■ **Exercise data**
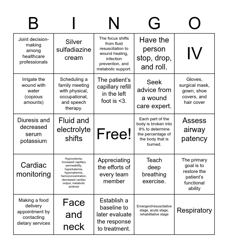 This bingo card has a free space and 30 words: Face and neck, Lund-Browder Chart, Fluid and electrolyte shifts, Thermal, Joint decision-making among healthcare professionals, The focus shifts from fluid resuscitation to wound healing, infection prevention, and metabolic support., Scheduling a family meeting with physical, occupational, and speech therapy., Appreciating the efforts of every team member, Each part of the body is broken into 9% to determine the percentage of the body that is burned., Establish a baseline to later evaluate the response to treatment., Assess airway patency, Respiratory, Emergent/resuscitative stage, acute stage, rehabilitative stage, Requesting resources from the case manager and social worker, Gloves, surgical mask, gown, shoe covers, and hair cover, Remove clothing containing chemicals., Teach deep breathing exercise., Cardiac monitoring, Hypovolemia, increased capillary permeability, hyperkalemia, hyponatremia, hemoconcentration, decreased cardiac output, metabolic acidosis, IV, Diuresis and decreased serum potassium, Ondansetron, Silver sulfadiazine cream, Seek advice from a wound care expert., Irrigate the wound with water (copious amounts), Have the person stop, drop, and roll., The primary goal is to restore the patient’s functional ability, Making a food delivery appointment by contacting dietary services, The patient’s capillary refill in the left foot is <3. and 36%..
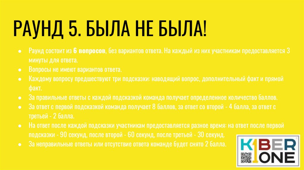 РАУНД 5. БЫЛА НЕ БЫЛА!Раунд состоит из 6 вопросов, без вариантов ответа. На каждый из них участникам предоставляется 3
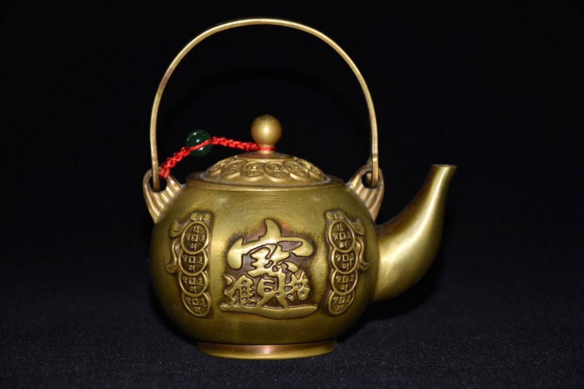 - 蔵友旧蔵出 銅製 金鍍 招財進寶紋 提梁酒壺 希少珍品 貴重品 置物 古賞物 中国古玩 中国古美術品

--

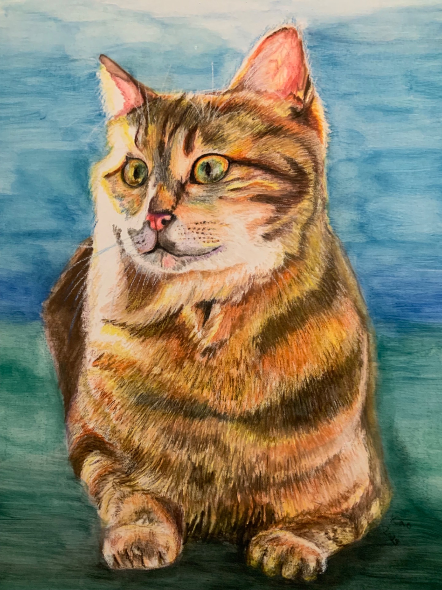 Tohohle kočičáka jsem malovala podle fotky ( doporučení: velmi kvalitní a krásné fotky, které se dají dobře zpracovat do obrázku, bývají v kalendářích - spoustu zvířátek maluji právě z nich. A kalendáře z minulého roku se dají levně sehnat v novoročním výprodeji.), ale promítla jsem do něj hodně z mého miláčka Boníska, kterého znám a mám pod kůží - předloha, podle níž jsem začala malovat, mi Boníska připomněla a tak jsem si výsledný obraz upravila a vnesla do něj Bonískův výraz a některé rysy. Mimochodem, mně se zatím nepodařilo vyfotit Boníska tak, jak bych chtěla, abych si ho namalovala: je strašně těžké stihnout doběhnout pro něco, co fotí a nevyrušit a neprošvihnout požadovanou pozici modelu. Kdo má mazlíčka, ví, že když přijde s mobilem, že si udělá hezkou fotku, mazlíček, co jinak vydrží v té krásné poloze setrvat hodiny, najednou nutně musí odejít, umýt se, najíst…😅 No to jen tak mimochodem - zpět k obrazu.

■ **Aim of the task**
Return, exactly as they stand, the lines above from the one with "РАУНД 5. БЫЛА" to the one with "- 蔵友旧蔵出 銅製 金鍍", omitting any pictures among them.

■ **Exercise result**
 РАУНД 5. БЫЛА НЕ БЫЛА!Раунд состоит из 6 вопросов, без вариантов ответа. На каждый из них участникам предоставляется 3
 - 蔵友旧蔵出 銅製 金鍍 招財進寶紋 提梁酒壺 希少珍品 貴重品 置物 古賞物 中国古玩 中国古美術品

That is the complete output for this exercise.